More often than not, however, this attempt is doomed to fail, and both Paul and Nicholas Cage are instructive here. Cage’s Wall Street character in The Family Man and Paul when he zealously pursued Christians were both adamantly convinced that they were living the best way, the right way, the way that made life full and meaningful. No amount of convincing or arguing or haranguing would have changed their minds. Only the experience of something new and better caused them to reevaluate their priorities, to change their pursuits. Only from new perspectives could they look back and proclaim their old lives rubbish—manure.

Unfortunately, religious experiences like Paul’s are extremely rare. God is typically much more subtle. God is much more likely to nudge than to smack you upside the head. That nudge might be a sense that something is missing, even when you’ve acquired many of the things our culture says you need to be happy. It might be a restlessness or hunger that you can’t quite explain. It might be a suspicion that the promises of a consumer culture aren’t what they’re cracked up to be. It might be something else altogether.

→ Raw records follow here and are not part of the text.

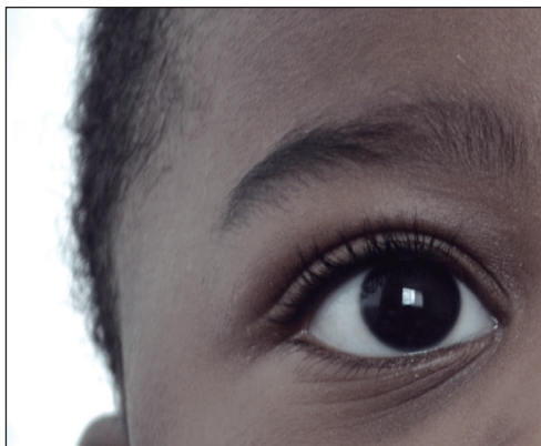
Niño ecuatoriano de padres haitianos.

En el presente boletín, Iréri Ceja analiza la migración haitiana y ubica a la región andina no solo como región de tránsito sino también como un nuevo destino, particularmente para el caso ecuatoriano. Este análisis parte situando históricamente algunos procesos político económicos, tales como las configuraciones coloniales y el intervencionismo extranjero en Haití, que condicionaron el desarrollo del país y detonaron los procesos migratorios. Posteriormente, para ubicar el análisis en la actualidad se retoma el impacto que tuvo en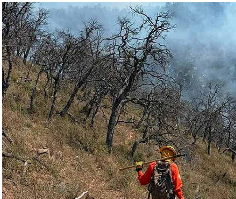
Más de 2 mil hectáreas consumió incendio en la Sierra de Sonora: CEPC.

‘Sí, bueno, ahorita ya está el 100% de liquidación, 100% de control. Fueron dos mil 90, si mi memoria no me falla, dos mil 80 hectáreas’, señaló.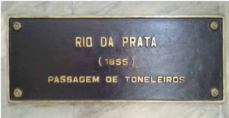
Placa que recuerda el combate por el Paso de Tonelero. Mausoleo del Duque de Caxias, Río de Janeiro. (Observación: la placa indica 1855, pero Tonelero se produjo en 1851).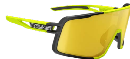
NERO • RW GIALLO BLACK • RW YELLOW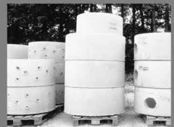
Betonsickerschächte 80-100-125cm Durchmesser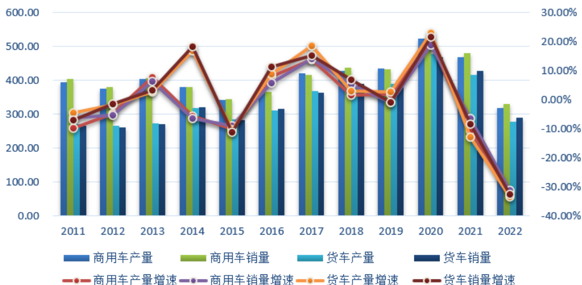
图1 2011年-2022年我国商用车、货车产销量及增速 单位：万辆

2018 年，各地区各部门认真贯彻落实党中央国务院决策部署，按照推动高质量发展要求，深入推进供给侧结构性改革，积极落实稳就业、稳金融、稳外贸、稳投资政策，经济运行在合理区间，继续保持总体平稳、稳中有进发展态势。全年共产销商用车 427.98 万辆和 437.08 万辆，同比增长 1.69% 和 5.05%。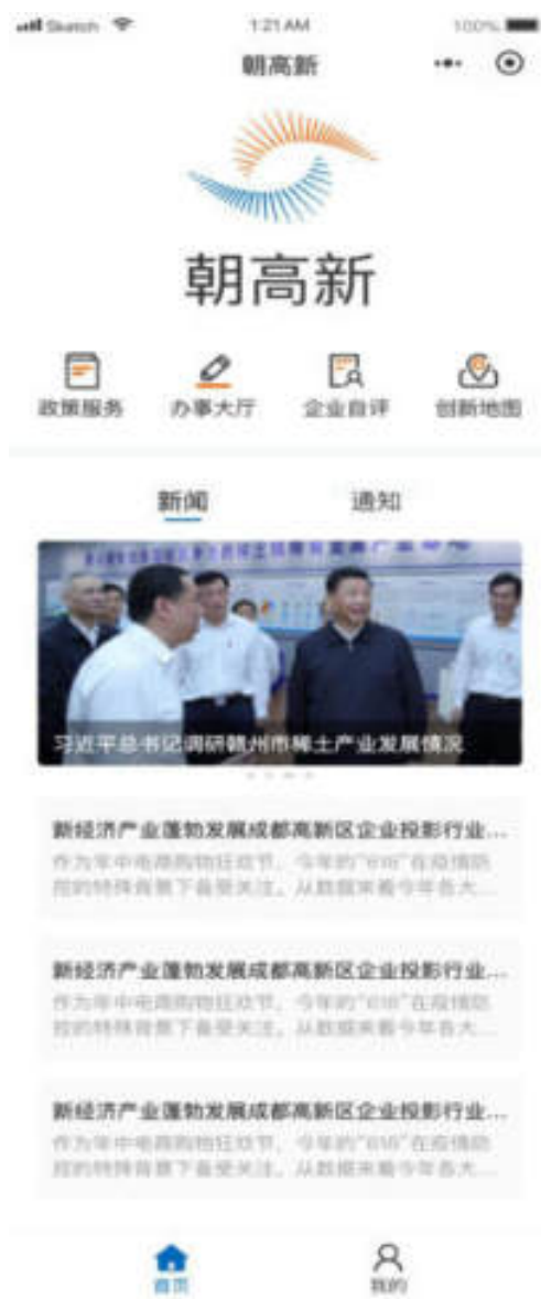
图 10.1 小程序首页

首页包括政策服务、办事大厅、企业自评、创新地图四个模块，并展示新闻、通知列表，如图：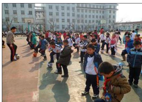
รูปที่ 2.10 บรรยากาศภายในโรงเรียนกีฬาฟุตบอล

จากการที่จีนมุ่งเน้นพัฒนาด้านฟุตบอล ทำให้มีหน่วยงานต่างๆเข้ามาสนับสนุน ทั้งนี้ เป็นเพราะจีนเองยังไม่ประสบความสำเร็จด้านฟุตบอลเท่าที่ควรเมื่อเทียบกับประเทศใกล้เคียง อย่างเกาหลีใต้ ซึ่งในระดับภูมิภาคด้วยตัวเองแล้ว จีนได้รับฉายาว่าเป็นโรคกลัวเกาหลี เพราะ จีนไม่เคยชนะเกาหลีใต้ได้เลย จนกระทั่งในวันที่ 23 มีนาคม 2017 แข่งชนะเกาหลีแต่ก็ชนะได้เพียง 1 ประตูต่อ 0 และผลงานสูงสุดด้านฟุตบอลของประเทศจีนที่ผ่านมา คือ ได้เข้าร่วมฟุตบอลโลกในปี 2002 ที่ญี่ปุ่นและเกาหลีเป็นเจ้าภาพร่วมกันเพียงปีเดียวเท่านั้น กีฬาฟุตบอลนั้นเป็นกีฬาระดับโลก ถ้าหากจีนแสดงศักยภาพด้านฟุตบอลได้ดี ประเทศก็จะก้าวหน้าและมีชื่อเสียงด้านกีฬาไปอีกขั้น เสมือนทำให้ประเทศตนเองมีอำนาจทางกีฬาสูงขึ้นรวมถึงอำนาจในด้านอื่นๆด้วย และการที่เหล่า เยาวชนสนใจจำนวนมาก ทำให้เห็นถึงความเป็นชาตินิยมในรูปแบบหนึ่ง คือ มีสำนึกถึงการรักชาติ และมีความคิดที่จะช่วยพัฒนาชาติในด้านกีฬาร่วมกัน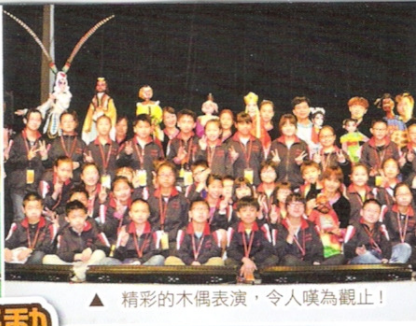
▲ 精彩的木偶表演，令人嘆為觀止！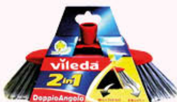
VILED A SCOPA DOPIPO ANGOLO 2 IN 1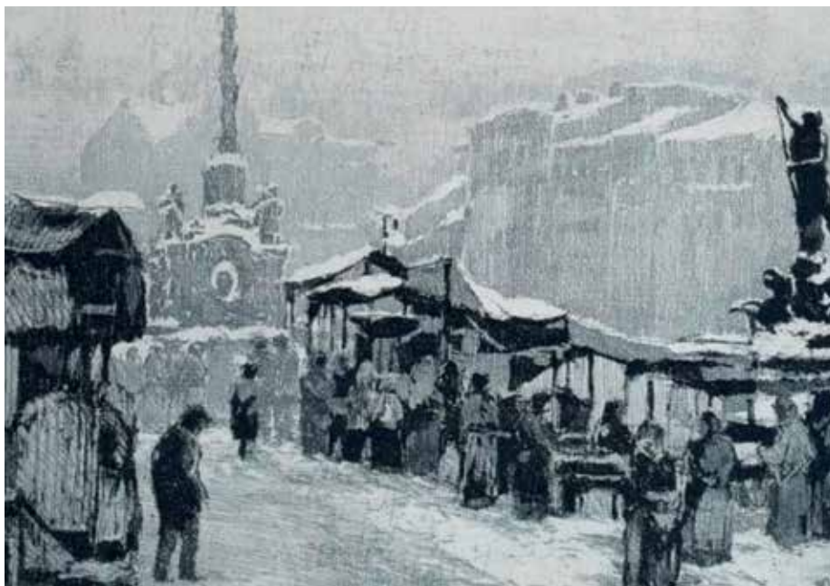
Trhovci na zasneženém Dolním náměstí

po vzniku Československa připravil soubor s názvem Album českého Olomouce. Vydal společně s olomouckým deníkem a nakladatelstvím Pozor reprezentativní soubor více než pěti desítek pohlednic moravských měst, mezi nimiž nemohl chybět tradiční motiv z olomouckého Horního náměstí.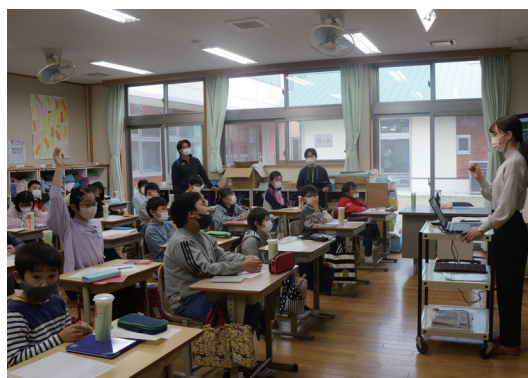
粕川小学校での安心カードのデザインづくり

(安心カードとは、急病等もしもの出来事に備えた便利なカードです。) 詳しくは本会ホームページをご覧ください。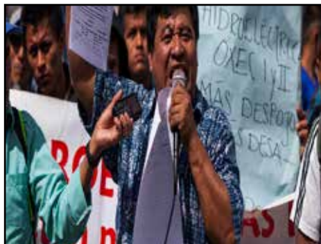
GUATEMALA.- Campesinos e indígenas defienden sus tierras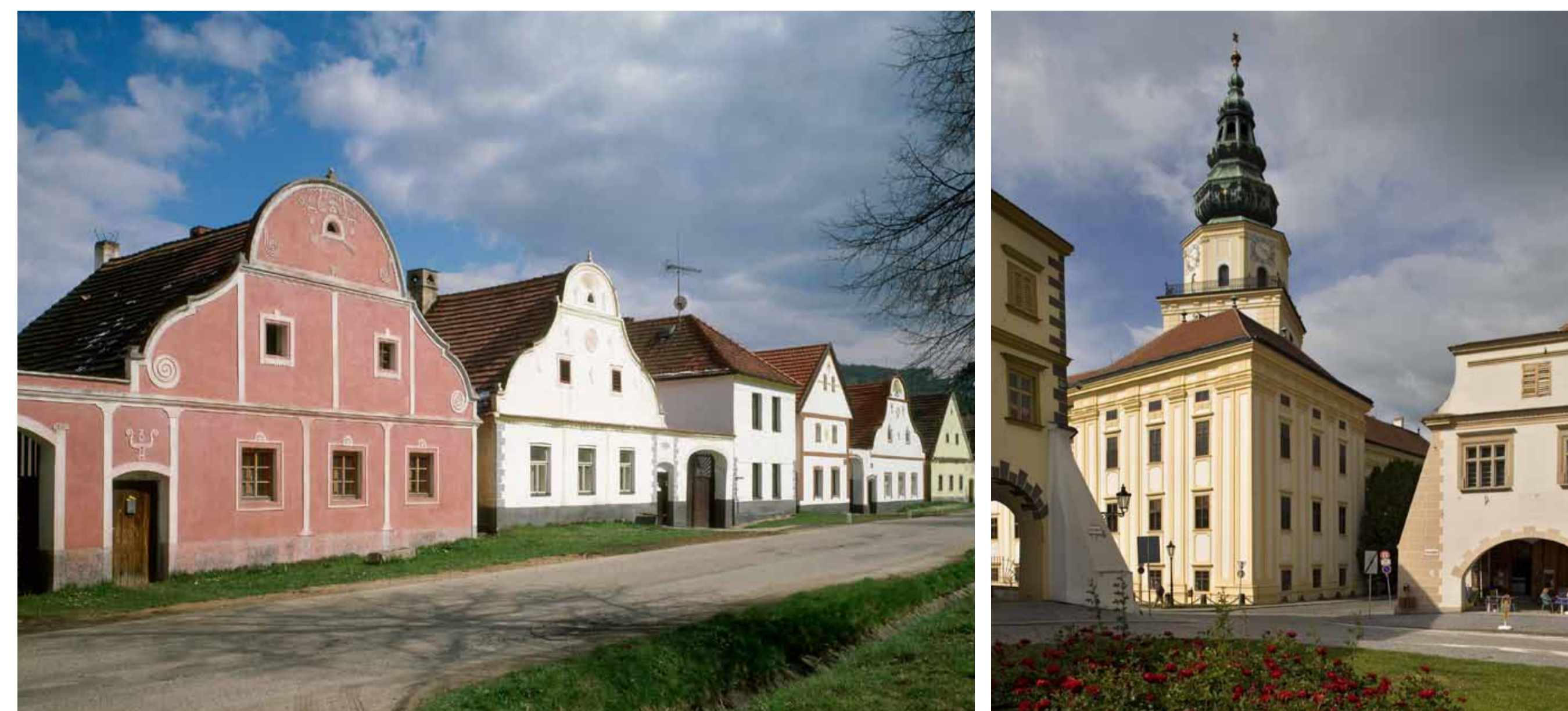
Holašovice. Foto: Ladislav Bezděk, 2008, © NPÚ Kroměříž. Foto: Gabriela Čapková, 2009, © NPÚ

Aufgrund der Konvention wurden das Welterbekomitee und der Welterbefonds gegründet, die ihre Tätigkeit im Jahr 1976 aufgenommen haben. Das Komitee besteht aus 21 Konventionsstaaten, die im Verlauf einer ordentlichen Tagung der UNESCO-Generalkonferenz gewählt werden. Dem Komitee legen die Signatarstaaten die Listen der Kultur- und Naturgüter auf ihrem Gebiet vor, die den Kriterien für eine Aufnahme in die Welterbeliste entsprechen. Aufgrund von Artikel 14 der Konvention steht dem Komitee ein Sekretariat an der Seite, das vom UNESCO-Generaldirektor in Paris ernannt wird. Die Funktion des Komitee-Sekretariats wird seit 1992 vom Welterbezentrums in Paris als eine Untereinheit des internationalen UNESCO-Sekretariats erfüllt. Die Beziehungen zwischen der Tschechischen Republik und der UNESCO obliegen der Ständigen Delegation der Tschechischen Republik bei der UNESCO, die der Botschaft der Tschechischen Republik in Paris unterstellt ist.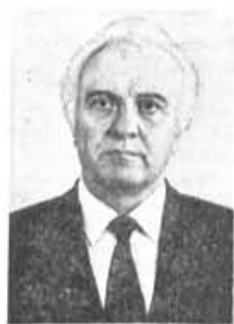
Э. А. ШЕВАРДНАДЗЕ, член Политбюро ЦК КПСС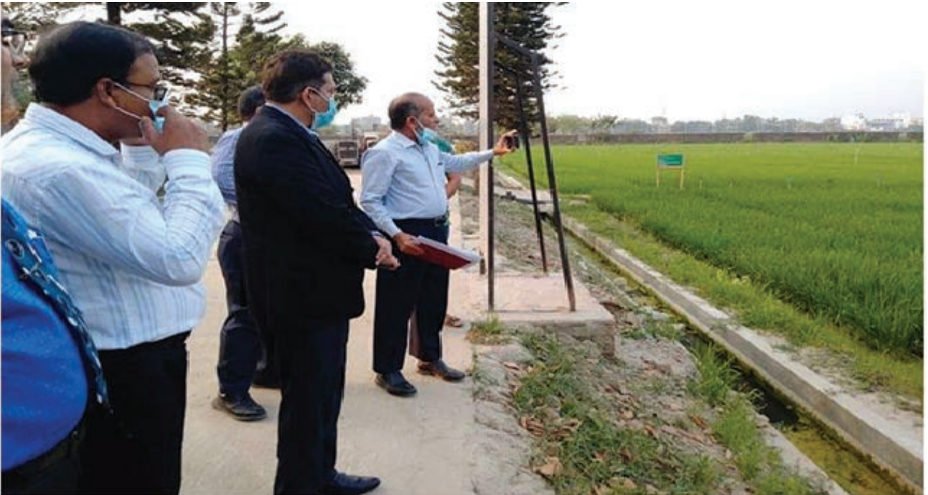
কৃষি মন্ত্রণালয়ের প্রতিনিধির কন্ট্রোল ফার্ম পরিদর্শন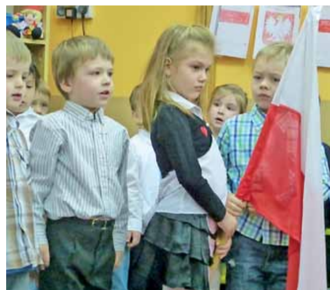
W przedszkolu przy ul. Ułańskiej dzieci od małego uczą się szacunku dla flagi państwowej.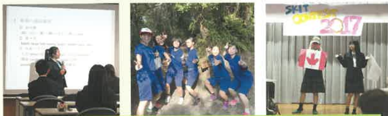
1年生宿泊研修:名桜大での英語講座・ウォークラリー・スキットコンテスト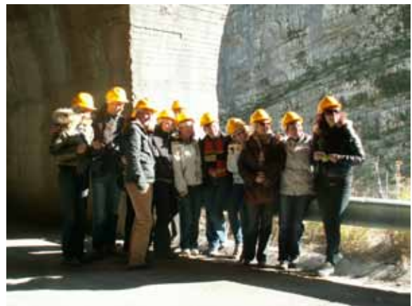
Gasilska slika spodaj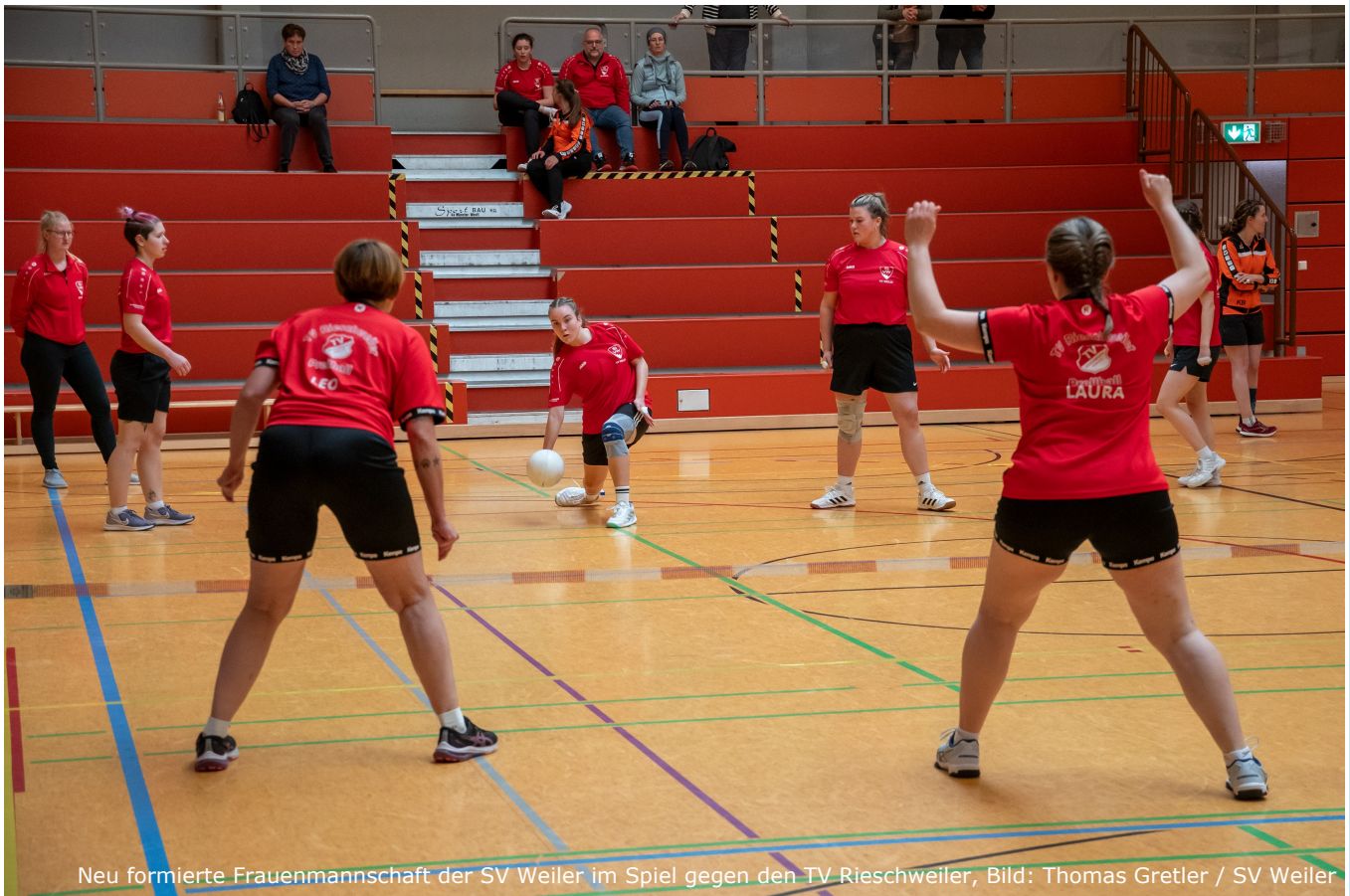
Neu formierte Frauenmannschaft der SV Weiler im Spiel gegen den TV Rieschweiler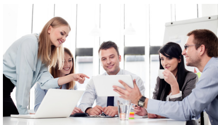
Pracujúci mladí ľudia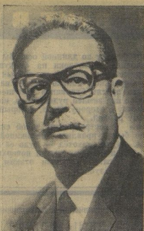
Сальвадор Альенде Госсенс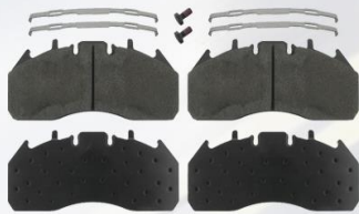
PASTILLA DE FRENO FH12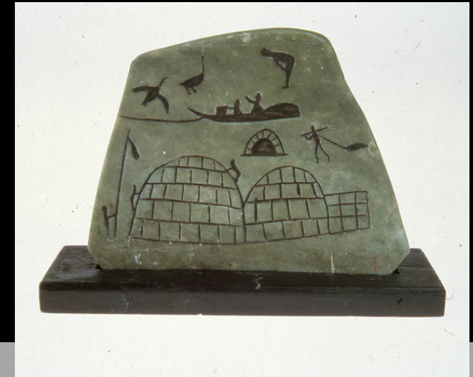
« Scènes de chasse » 1955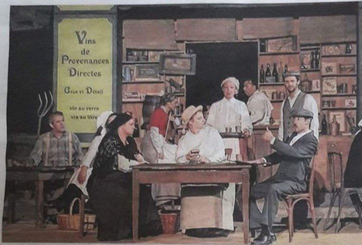
La pièce de théâtre "Sur le Chemin des Dames" se déroule dans plusieurs lieux en même temps : les tranchées du Chemin des dames bien sûr, mais aussi devant une exploitation minière, dans des champs... Ici, l'action se tient devant un café français, comme un clin d'œil à Pagnol. Textes et photos : Annick Boulton

CHIVRES-VAL La fresque historique "Sur le Chemin des Dames", jouée au fort de Condé, a été un franc succès. Certains soirs, notamment samedi, il n'y avait plus de place.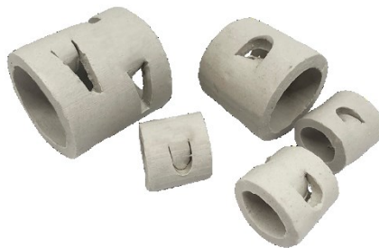
Рисунок 2. – Кольцо Палля

Элементы кольцевой насадки представляют собой цилиндрические тонкостенные кольца, наружный диаметр которых обычно равен высоте кольца. Диаметр насадочных колец изменяется от 10 до 150 мм. К кольцевым насадкам относятся кольцо Рашига, Палля (рисунок 2), Лессинга и с крестообразной перегородкой.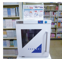
殺菌ブッククリーン「COCOCHI(こちこ)」

国試対策は今まで補講として行っていましたが、2020年からは臨床基礎統合ゼミ(CUP)の科目として、授業と模擬試験を繰り返し行い、試験後に必ず解説を行うこととしました。解説では解説本に載っていないようなことや教員の体験や失敗談を話すことで意識付けを行いました。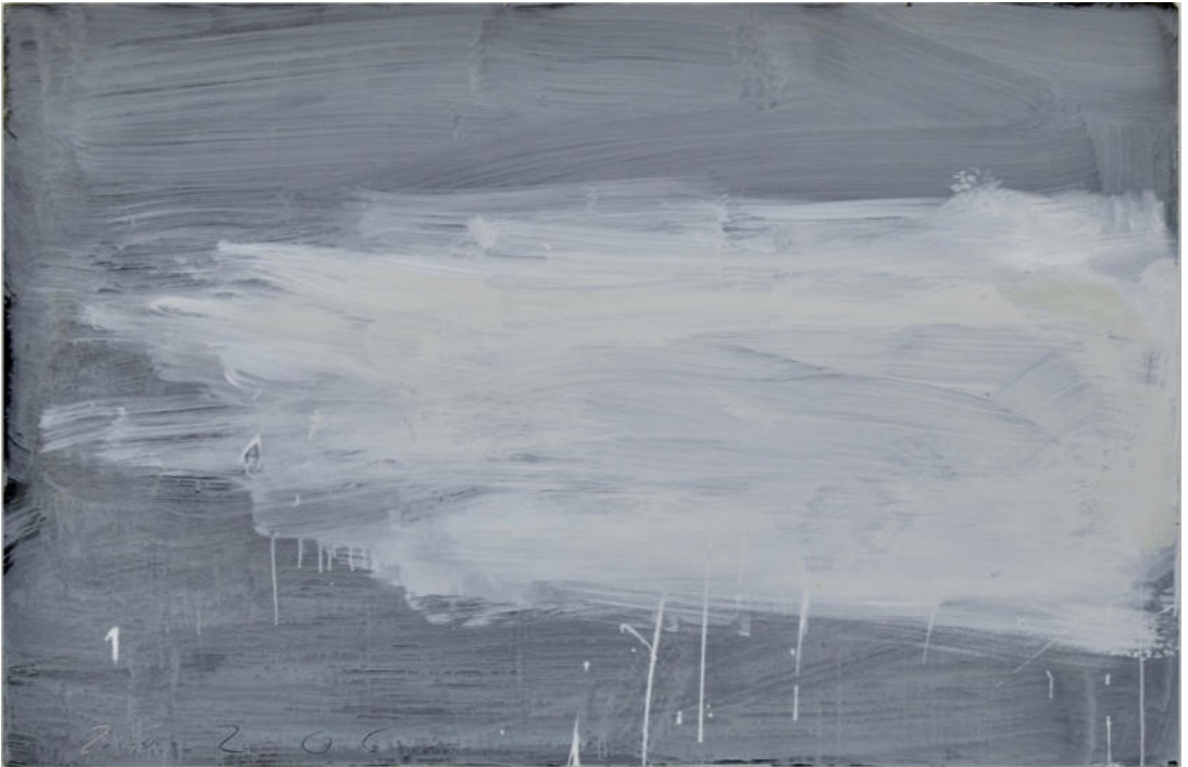
Tafelbild, 2006, Mischtechnik/Schultafellack/MDF/Eiche, 133x203 cm

If you have an experience like Paul’s, good for you. But if, like most people, that doesn’t happen to you, pay attention to those nudges. God may be trying to tell you something. God may be sending you a gentle invitation, encouraging you to take what is often called a leap of faith. Perhaps God is inviting you to discover if this strange way of Jesus might actually be a better way

But be forewarned. If you take up the way of Jesus, it could turn your life upside down, because the way of Jesus may completely reorient your priorities and make you wonder why you once found your former ones so compelling.